Pada bab ini akan dibahas bagaimana sih cara membangun komunikasi yang baik antara ibu dan anak, begitu juga ke ayahnya. Yuk simak sampai akhir tulisan ini ya kawan! Agar kita tahu bagaimana sih cara yang tepat dalam menjalin komunikasi dengan anak-anak kita.

Membangun Komunikasi Dengan Anak

Membangun Komunikasi Dengan Anak – Pertanyaannya, apakah ibu tidak bekerja akan jauh lebih berhasil membangun komunikasi dengan anaknya ketimbang ibu yang bekerja?

“Ya iyalah, secara lebih banyak waktunya”

“Ya belum tentu juga sih, semua tergantung quality time antara si ibu dan anak”

Seperti itulah kira-kira respon sebagian besar ibu-ibu. Tapi berbeda dengan kisah ibu Syarifatul Ummah. Beliau adalah seorang ibu yang sebagian waktunya harus dihabiskan di luar rumah. Ya, dia seorang wanita karir.

Baginya, tidak adil rasanya jika ibu yang bekerja dianggap tidak mampu membangun kelekatan dengan anak (bonding). “Bekerja atau tidak seorang ibu bukanlah urusan mereka. Yang penting kita sebagai ibu yang bekerja juga harus tahu diri dalam mengelola waktu dengan baik agar hak-hak anak tidak terabaikan,” tegas Bu Syarifatul.

Baginya, letak masalah dalam hal membangun komunikasi dengan anak bukan berpatokan pada ibu bekerja atau tidak, melainkan komitmen setiap ibu sebagai orang tua.

“Kok Syaima itu kalau ngomong bisa terbuka banget, ya, sama ibunya. Padahal ibunya kerja, kan, jarang ketemu anak, tapi kayaknya dekat banget”

Ya, Syaima sudah ditinggal kerja oleh ibunya sejak ia usia 40 hari. Namun, saat dia masuk Taman Kanak-kanak (TK), banyak ibu-ibu yang berpendapat demikian. Hal ini membuat heran ibu Syarifatul, karena beliau menganggap biasa saja hubungan yang ia bangun dengan anaknya.
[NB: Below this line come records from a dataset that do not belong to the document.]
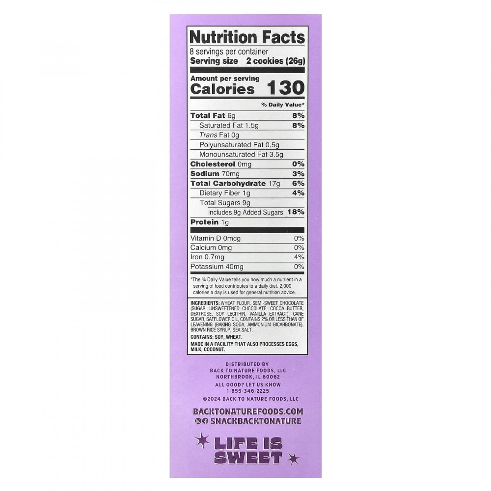 Пшеничная мука, полусладкий шоколад с сахаром, горький шоколад, какао-масло, декстроза, соевый лецитин, экстракт ванили), тростниковый сахар, сафлоровое масло, содержит не более 2% разрыхлителей (пищевая сода, бикарбонат аммония), сироп из бурого риса, морская соль.
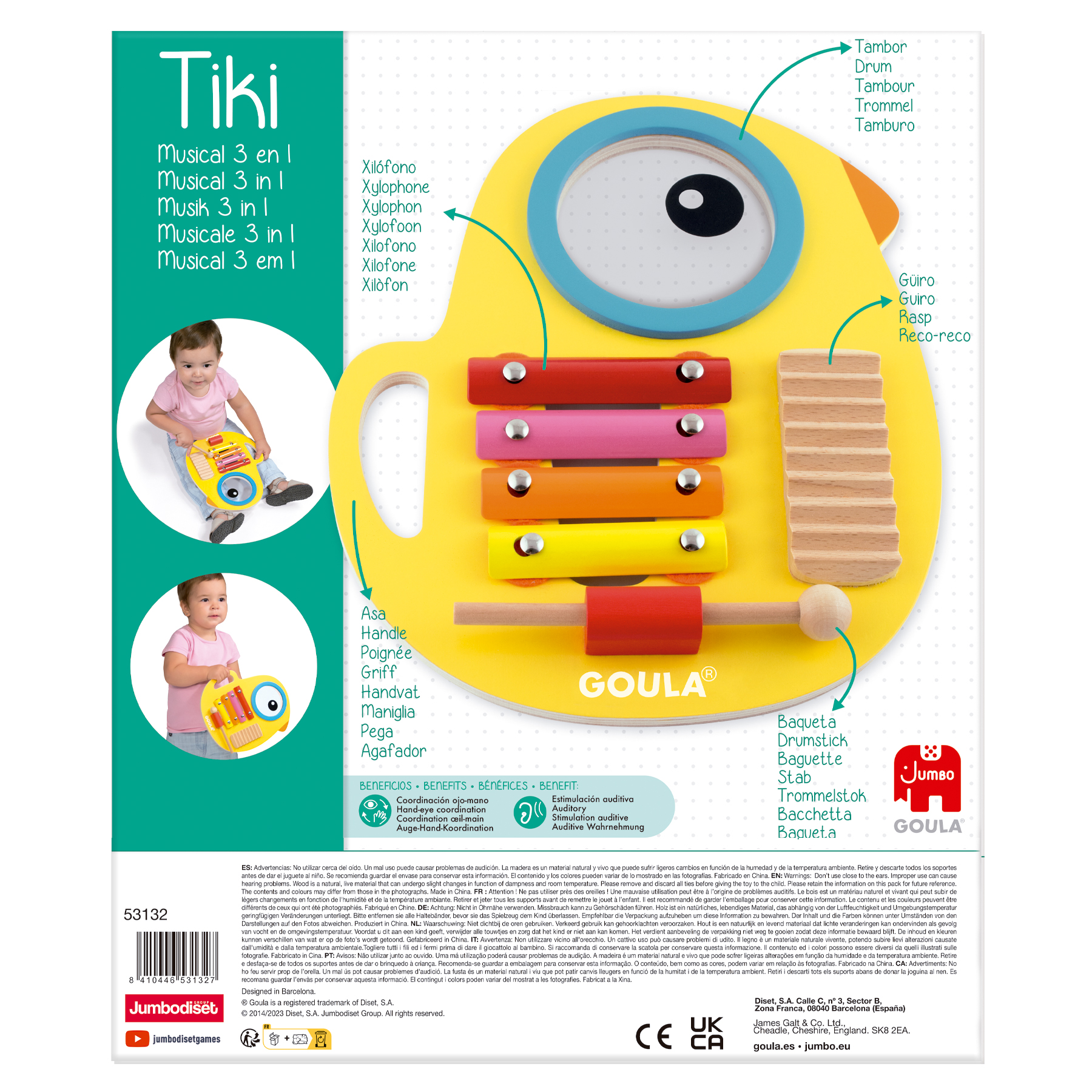 A dificuldade em estimular a audição e o ritmo nos primeiros anos pode limitar o interesse musical natural da criança. O Tiki Musical 3 em 1 da Goula oferece uma experiência sensorial completa, combinando tambor, xilofone e reco-reco num único brinquedo de madeira. Uma forma divertida de desenvolver ritmo, coordenação e curiosidade musical desde cedo.
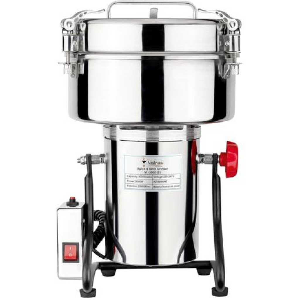 3000g Instant Large Commercial High Capacity Dry Masala Powder Spice Grinder Machine For Business Mixer Grinding Mill For Spices, Herbs and Dry Fruits Grain Crusher Stainless Steel -Silver
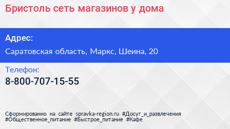 Бристоль, сеть магазинов у дома по адресу Саратовская область, Маркс, Шеина, 20 в дальнейшем Организация, размещена в следующих категориях:

Akhirnya ibu Syarifatul mencoba untuk menelaah tahapan apa saja yang dia lakukan dalam membangun kedekatan dengan putrinya. Berikut tahapannya :

Ubah Mindset sebagai Ibu

Mungkin selama ini kita menganggap celotehan anak biasa saja. Mulai dari sekarang mari kita ubah mindset bahwa setiap celotehan anak itu berharga.

‘celotehan anakku menarik untuk disimak’

Celotehannya yang menarik bolehlah untuk kita tuliskan ulang, baik di buku harian atau ke media sosial. Sebab, kita akan menemukan banyak inspirasi dari cerita-cerita mereka. Begitupun yang dirasakan oleh ibu Syarifatul.

Respon dengan Tepat

Berikan pertanyaan agar mereka tahu kita menyimaknya dengan sangat baik dan suka dengan cerita mereka.
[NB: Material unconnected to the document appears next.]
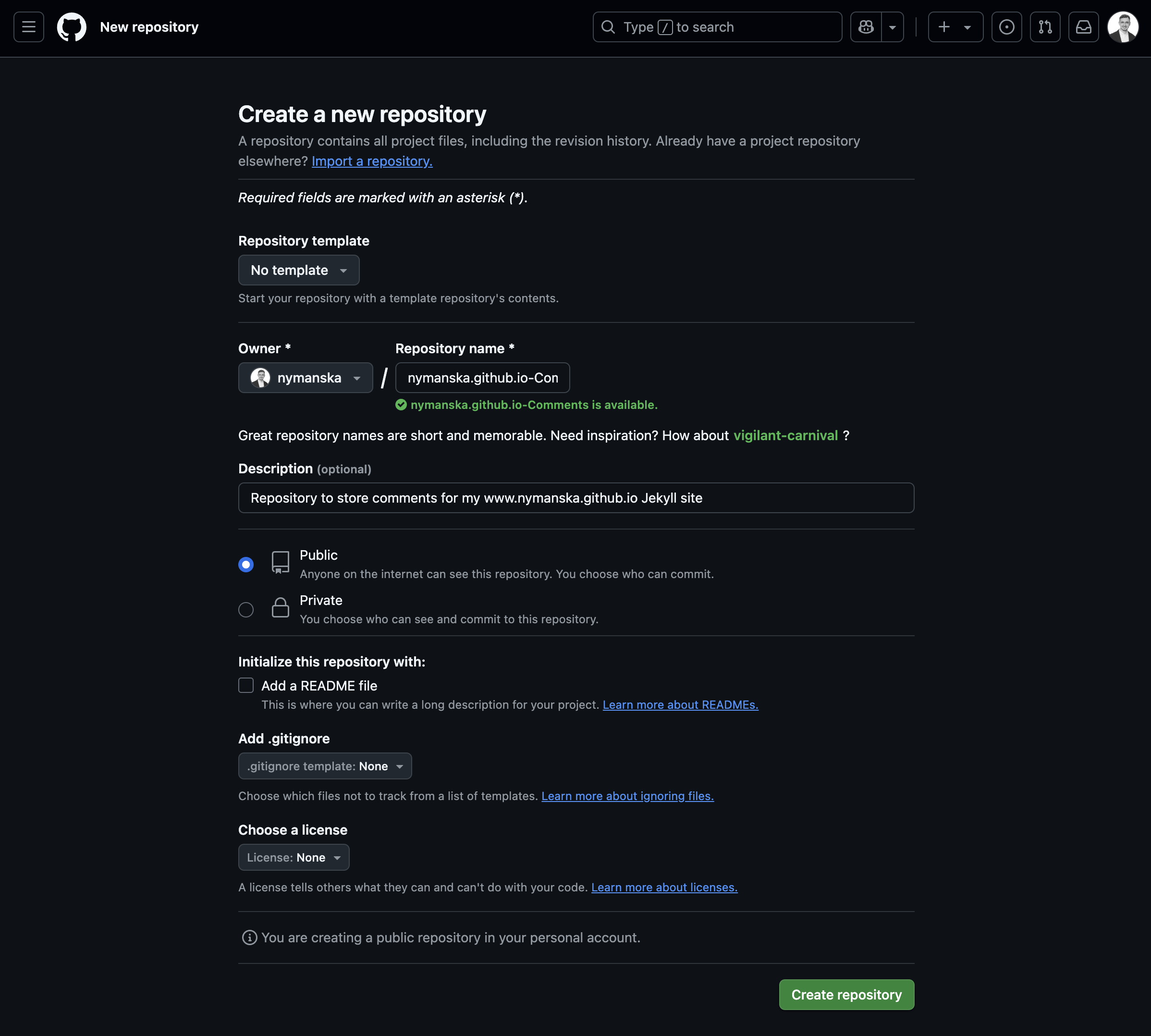 - Add the new repository name used to store the comments (for me this was: nymanska/nymanska.github.io-Comments)

Ibu Syarifatul mengaku bahwa sering kali mendapati Shakeel, anaknya, bercerita tentang tokoh kartun yang itu-itu saja dengan cerita yang sama juga secara berulang.

Baginya, jika kita merespon cerita si anak dengan, “Iya…kamu ini ceritanya itu-itu melulu kayak enggak ada cerita yang lain. Bosen, nih, ibu dengarnya. Sudah ibu ganti baju dulu.”

Maka beristighfarlah wahai ibu-ibu. Itu sama saja kita telah menyakiti hati anak. Meskipun mereka belum paham bagaimana rasa sakit hati, tapi perkataan tadi akan membekas di alam bawah sadar mereka dan ini akan mempengaruhi perkembangan psikis anak.

Alangkah lebih baik jika kita merespon sejenak celotehan anak kita dengan memberi perhatian yang membuatnya senang.

“Terus musuhnya kalah atau masih melawan?”

Atau bisa juga dengan…

“Wow, Ultraman-nya tidak lelah, ya, saat melawan?”

Yakinlah bu, anak-anak akan lebih bersemangat menanggapi respon kita. Baru setelahnya ibu-ibu boleh mengajukan pernyataan, “Ibu mau ganti baju dulu ya, nanti kita nonton bareng lagi ya.”

In syaa Allah kualitas komunikasi kita dengan anak akan jauh lebih baik.

Seni Menutup Percakapan

“Wah, berarti kalau kamu bisa kayak gitu, kamu keren Syaima. Kamu bisa lebih baik dari yang sekarang asalkan kamu lebih sabar saja kalau ngerjain gambarnya. Besok ibu mau lihat gambar lagi ya.”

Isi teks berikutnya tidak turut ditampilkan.